November 16, 2023 at 8:01 PM
Charging my headphones with a dodgy wireless charging pad bought off AliExpress for $4 so the radiant heat in my ear canals will help loosen up the wax for cleaning purposes.
November 13, 2023 at 6:42 PM
If my kid isn’t going to listen when I tell him to go potty before we walk to the park, he’s gotta learn to piss on a tree without hanging his whole entire ass out.
October 19, 2023 at 10:34 PM
There’s an on-site vaccination clinic at work today, set up near my desk. Gonna ask the other guys if they’re feeling period cramps suddenly just to see who bites.
October 11, 2023 at 1:22 PM
Kid just sneezed while housing a tube of Gogurt and I’m strongly considering finding Jesus.
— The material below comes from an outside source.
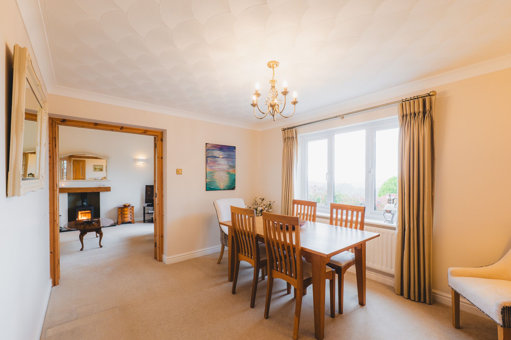 Savour the incredible, elevated views out over the garden and countryside from the formal dining room next door, where the home transitions from distinguished development to real rural living.
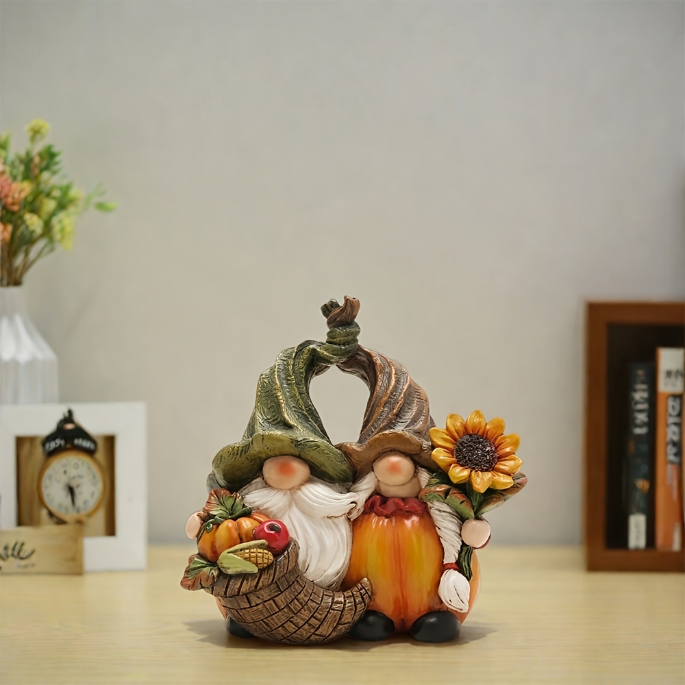 1pc of Creative Rustic Harvest Pumpkin Gnome Couple Resin Ornament for Home, Living Room, Desktop, Entrance Cabinet Decoration, Warm Decor for Studio And Office, Garden, Courtyard, And Windowsill Flower Rack Decoration

October 8, 2023 at 2:17 PM
I’m going to end the weekend either covered in bruises from a toddler MMAing me in the middle of the night, or with hip dysplasia like an old black lab from laying on the floor to get him to sleep in his own bed.
October 7, 2023 at 1:01 AM
@mobute.bsky.social I’m both (semi)Irish AND a non-poster, yet I somehow sneaked past your defenses! I hope it keeps you up at night, knowing I’m out here green-ing up the joint but not talking about it!